学生時代に自転車で通っていた頃,お菓子の工場の近くを通ると,いつも甘~い匂いがした。深呼吸をして鼻で味わって,少しだけ得をした気分になったものだ。味や香りだけでなくパッケージからおまけまで,子ども心をくすぐるしかけに満ちている。今日はお菓子工場の紀行だ。
大阪市此花区伝法に「カバヤ食品株式会社大阪工場」がある。
カバヤといえば,「カバヤ文庫」という景品だとか「カバ車」という宣伝カーが有名だが,私にとっては古すぎて懐かしくもなんともない。しかし,この工場の年月を経たレトロな門柱は,現代にあっては逆に新鮮な感じがする。いったい,どんな工場なのだろう。此花区役所が今年3月15日に発行した「このはな こどもしんぶん」の3面に小学生記者のレポートが掲載されているので読んでみよう。
記者:どんなお菓子を作っていますか?
宮野さん:おもに,チョコレートのお菓子とぬいぐるみやおもちゃの入ったお菓子を作っています。
記者:会社ができたのは,いつですか?
田中さん:1946年(昭和21年)です。人間なら63才です。
記者:いちばん初めに作ったお菓子は,何ですか?
田中さん:キャラメルです。甘いもののない時代だったので,大人気でした。
記者:どうしてカバヤという名前なのですか?
田中さん:会社ができたのは,戦争が終わったすぐ後でした。カバには「おとなしくて平和を愛する」というイメージがあるので,平和な時代が続くようにという願いをこめて名づけました。
記者:ここに工場ができたのはいつですか?
田中さん:1951年にここにあった別の会社の工場でお菓子を作り始めて,1983年にカバヤ食品株式会社大阪工場になりました。歴史のある工場なんですよ。
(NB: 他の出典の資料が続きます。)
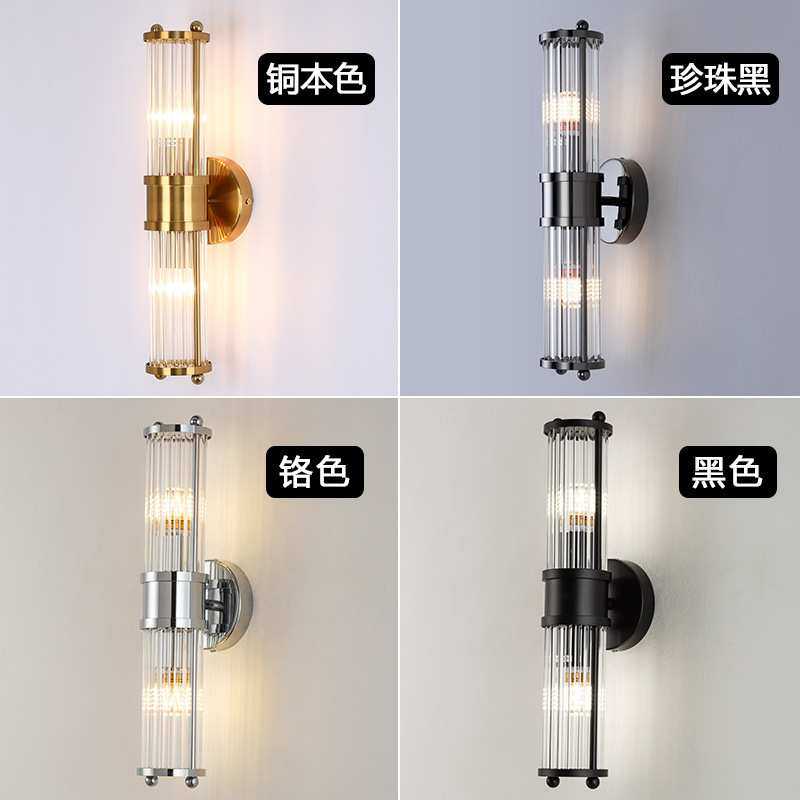美式复古全铜卧室床头壁灯简约现代客厅背景墙室内壁挂式水晶灯
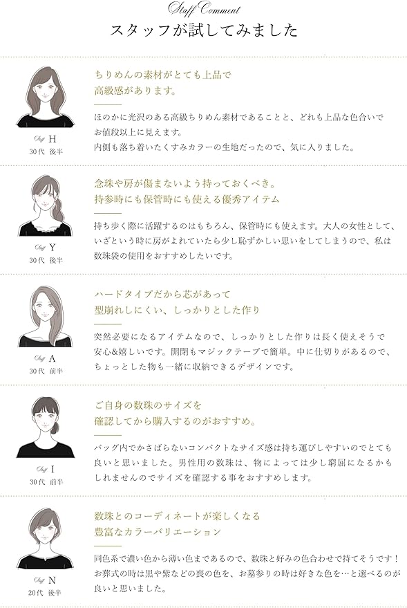 【ご注意】男女片手念珠用のサイズですが、大きい玉のものを入れる場合閉まりづらいことがあります。表地にレーヨンを使用しているため、水に弱く色落ちする可能性がございます。
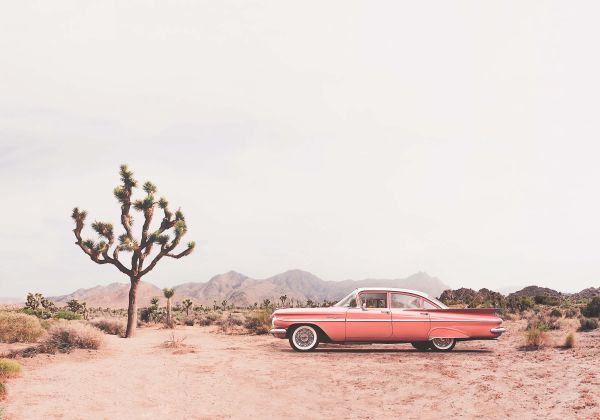 Une image d'une vieille voiture dans le désert. Combinez cette photo dans la chambre à coucher, par exemple.
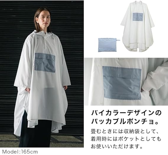 着丈は113㎝と少し長めの作りで雨粒をしっかりカバー。 雨風の強い日や、雨の日の自転車での通勤通学におすすめです。 バイカラーがポイントの男女兼用で使えるユニセックスデザイン。
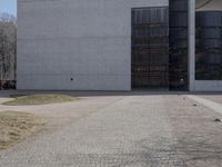A modern office building in Berlin, Germany. The concrete and glass architecture blends seamlessly with the urban landscape. Clear sky casts shadows on the grassy areas and roads. A perfect representation of modern European architecture.
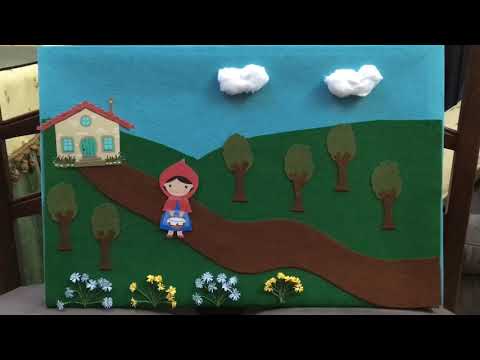 Pedirlle aos nenos que peguen o lobo e a Carapuchiña na lámina, como se o lobo a estivese a perseguir.
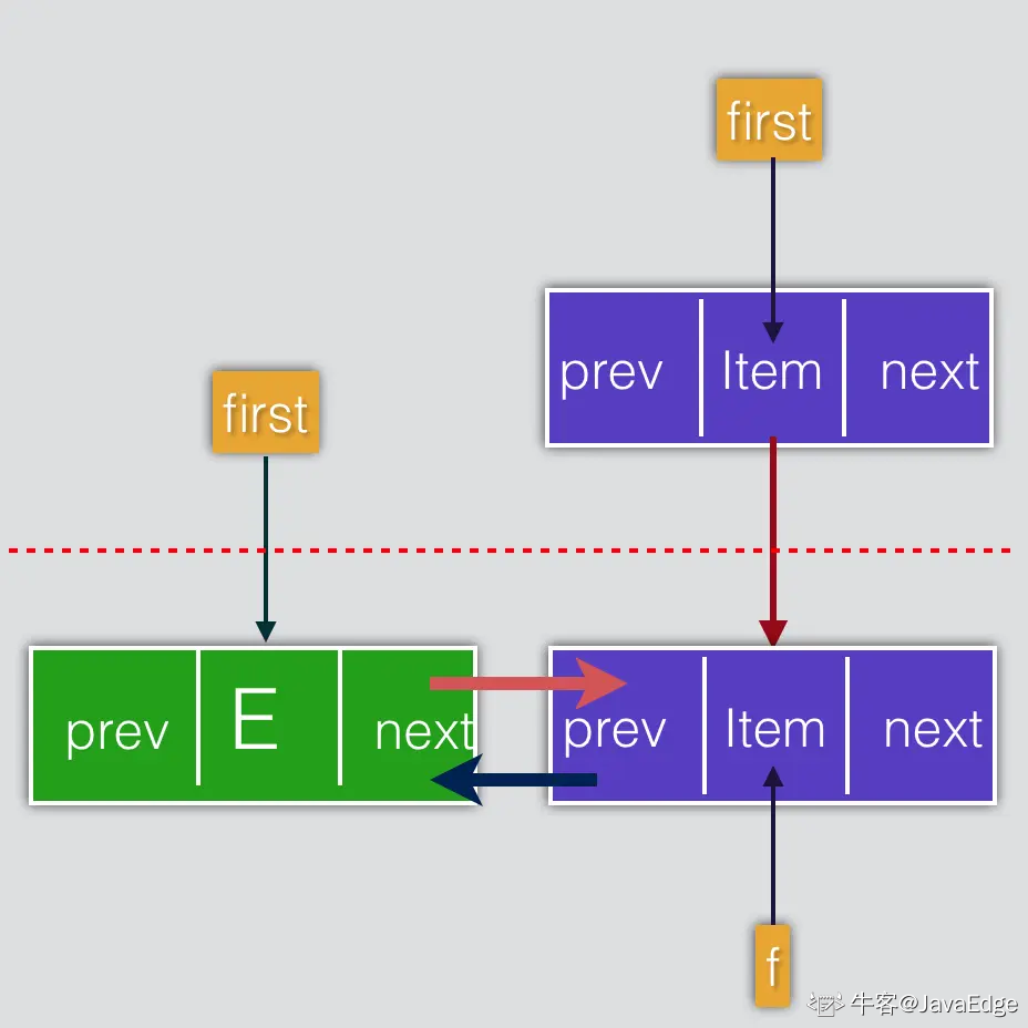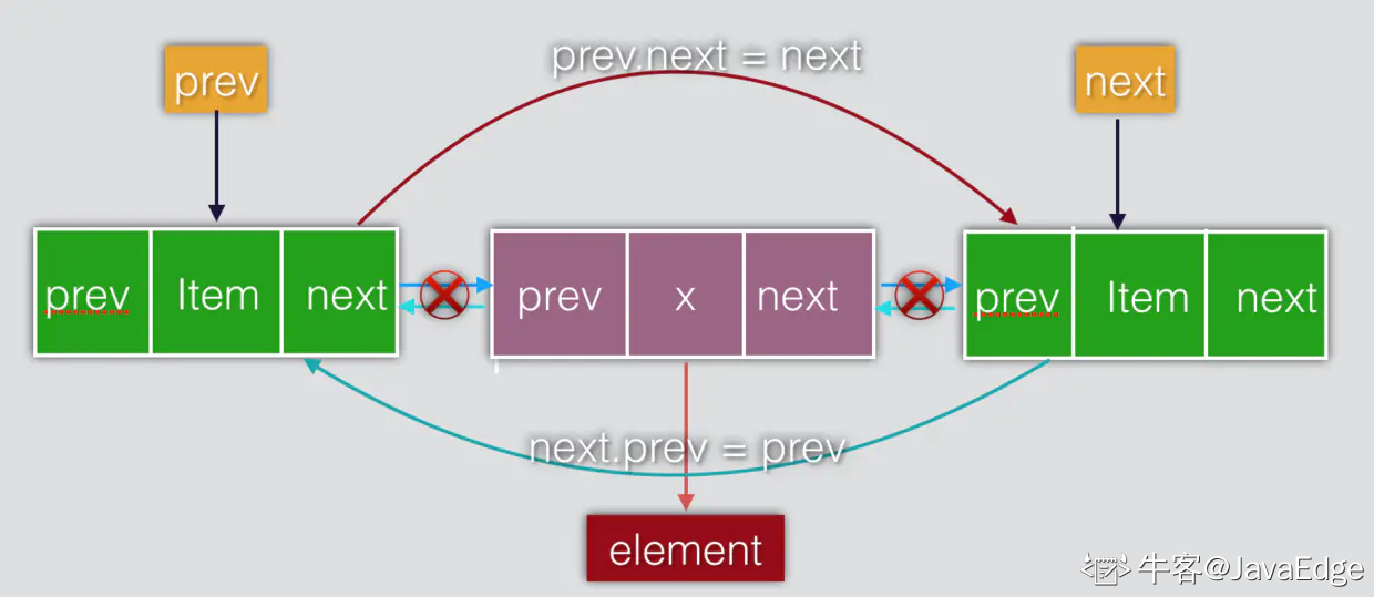 - 若prev为null,则 next 节点直接为 first 节点,反之把prev的next指向next节点,如图上面弯曲的红色箭头

どおりで歴史を感じるはずだ。では,どんなお菓子を作っているのかな。
さらに記者は香りについてレポートしている。
工場の中は,チョコレートのいい香りがしています。でも宮野さんは,ぜんぜん気にならないそうです。長年工場で働いているので,鼻がチョコの香りに慣れてあまり感じなくなっているらしいです。
記事の中でも「豆ちしき」が秀逸だ。
昭和28年に,ドイツから来たカバを水槽つきのトラックに乗せて日本中を回りました。本物のカバは珍しかったので,子どもたちは大喜びでした。そのカバは,石川県の動物園でいまも元気に暮らしています。日本一長生きのおばあちゃんカバです。
そうだったのか,現代史。いしかわ動物園のHPでは,次のように紹介されている。
いしかわ動物園で飼育されているカバは「デカ」ばあちゃんとして県民に愛されており、 長寿日本一としても有名になりました。2009年3月31日で57歳となり、世界では第2位の記録となっています。毎年敬老の日には、地元園児らのお歌とお遊戯で、そして担当職員手作りのおからケーキでお祝いをしています。
これはすごい。この製菓業界の恩人(カバ)を現代化遺産として推薦しようではないか。